The New England Golden Gloves Tournament isn't quite so ad hoc. The best fighter from each state qualifies; the winner will qualify for the annual National Boxing Tournament, and national champions have an increasing amount of international competition. (USA Boxing anticipates that women will box in the 2004 Olympics.) Monique won the New England women's flyweight division last year, beating a boxer named Alison King for the second time. At the nationals, she lost her first fight, against top New York fighter Jamie McGrath, but went on to place fourth in the country.

This year, however, on the morning of her Golden Gloves bout, which is again against Alison and which is for the division championship, it becomes clear that this too will end in frustration.

"We just got a call," Steve tells me over the phone. "Alison said she sprained her wrist last night and backed out. It's hard enough finding fights. If she won't fight Monique anymore, no one will."

The next night Monique and Steve spar, and Monique's combinations are better than ever. "All dialed in and nowhere to go," he says later, pulling off his gloves. "It's so typical. We've trained for six fights this year and we've gotten two. I'm disgusted. I wanted it so bad I could taste it."

Monique is too frustrated to say anything; she just wipes her brow and purses her painted lips. She'll take a week off, shadowbox in front of her wall-length mirror at home, and think about what's next.

Monique is good enough to compete at the professional level. "Recruiters have seen her and want her," says Steve. " `Give me the word,' they say to me, `we'll sign her in a heartbeat. You want her on ESPN? I'll get her on the next show.' " He shrugs. "It's up to her."

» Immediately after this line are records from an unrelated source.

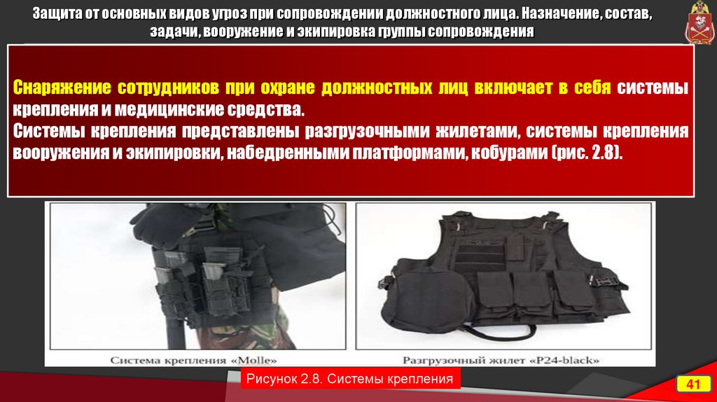 Снаряжение сотрудников при охране должностных лиц включает в себя системы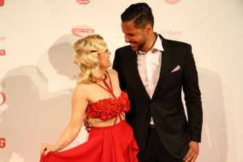 25042015 Frankfurt, Union-Halle Fashion Charity Gala zu Gunsten des RTL Spendenmarathons Giulia Siegel deutsches Model, Fernsehmoderatorin, DJane und Schauspielerin und Freund Frank Buechtmann
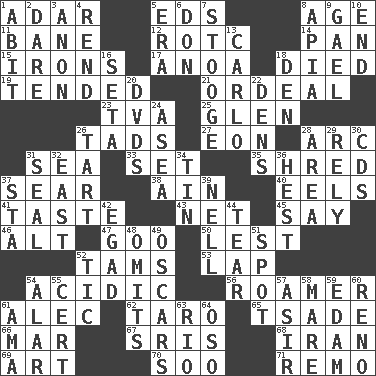 ACROSS 1. The sixth month of the Jewish calendar 5. Begley and Asner 8. Personal question 11. Object of repulsion 12. College mil. group 14. Baking dish 15. Removes the wrinkles 17. Small Philippine buffalo 18. Passed on 19. Watched over 21. Severe or trying experience 23. Federal power corp. 25. Small, secluded valley 26. Bits 27. Age 28. Curve 31. Ocean 33. Put into a specified state 35. Fragment 37. Singe 38. The 18th letter of the Arabic alphabet 40. Snakelike fish 41. Clothes sense 43. Fish or hair follower 45. Declare 46. The first octave above the treble staff 47. Thick or sticky substance 50. For fear that 52. Scottish caps 53. Pet locale 54. Being or containing an acid 56. Nomad 61. Actor Baldwin 62. Edible starchy tuberous root 65. Sadhe (variant) 66. Third mo. 67. Indian titles of respect 68. SW Asia republic 69. Nonscientific branch of learning 70. "Barney Miller" actor Jack 71. San ____ (Riviera town) DOWN 1. "This won't hurt ____!" 2. Have the gumption 3. At once, immediately (arch.) 4. Tear apart 5. Epoch 6. Spanish title 7. Moe Howard, for one 8. Capital of Western Samoa 9. Highlander 10. Conclusion 13. Monte _, Las Vegas Hotel/Casino 16. Bristle 18. Lair 20. Movie discs 22. Hiding places for outlaws 24. Toward the sea 26. Small pie 28. Type of rug 29. Trust 30. Music discs 31. Lick closed 32. 90 degrees 34. Metal container 36. Command 37. R.R. building 39. 1994 drama film starring Jodie Foster 42. Mild oath 44. Separate forcefully 48. Leaves out 49. Motion picture awards 51. Specific locale 52. Nervous spasm 54. Having or resembling wings 55. Certainty 57. SW Saudi Arabia district 58. Female horse 59. Dutch treat 60. Former U.S. Attorney General Janet 61. Nursemaid (var.) 63. _ de Janeiro 64. Bear (Spanish)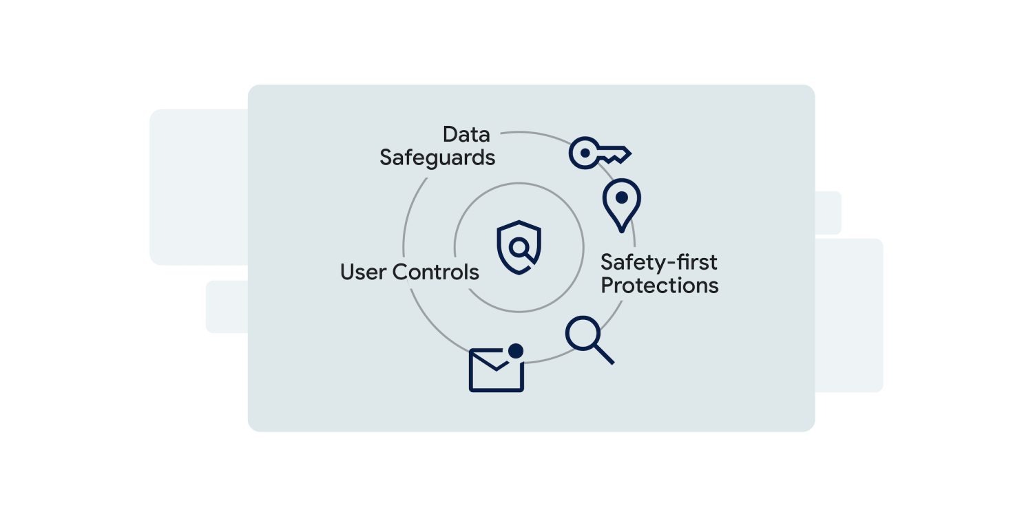 O sistema de Proteções de segurança em primeiro lugar inclui uma “proteção de segurança inédita que torna mais difícil o rastreamento indesejado para um local privado, como sua casa”. A rede FMD exige que “vários dispositivos Android próximos detectem uma tag antes de comunicarem a sua localização ao proprietário da mesma”. Esta “agregação por defeito” complementa-se pela descoberta do Nest, que utiliza os altifalantes e ecrãs para encontrar coisas quando se está em casa.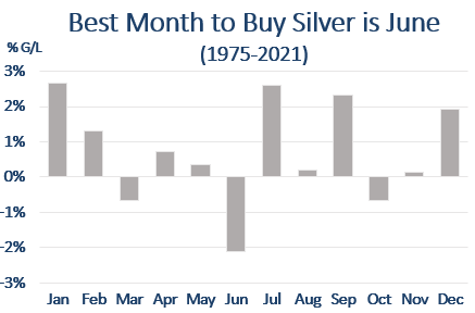 De fick fram statistik på att silverpriset tenderar att sjunka som mest i juni. Därmed kan juni månad ses den bästa månaden att investera i silver, eftersom dess pris tenderar att stiga igen i juli.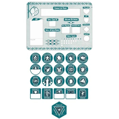 The combat tile provides a place for you to keep a running total of constantly changing statistics like character health and resources, all without dirtying your character sheet with eraser marks.

"She'd be easy to promote," he says proudly, "because not only is she a skilled fighter, but she's pretty, you know what I mean?"

Professional female fighters earn from $2000 to $25,000 per fight. The amount depends on their record, skill, and popularity. Some don't have any amateur experience at all. For now, Monique says, she won't give up nursing. But in order to stay in the game -- in order to find fights at all -- she'll have to travel to the hot spots where more women fight. O'Mally's trainers will network for her. "We'll talk to the guys we know in New York, and try and set up some fights," says trainer Bobby Bower. "We'll do whatever she wants."

But for now, there's disappointment. She doesn't want to be a champion without a fight. "I'm not going to take the jacket if I win by default," Monique mutters, pulling on her sweatshirt. "They're black with gold lettering -- really ugly. I wouldn't be caught dead in it," she says to me, smiling. Last year's championship jacket is stuffed in the back of her closet.

"A millennium one would have been nice, though," Steve says.

Monique leans down and unties her laces. "Yeah," she says. "It would."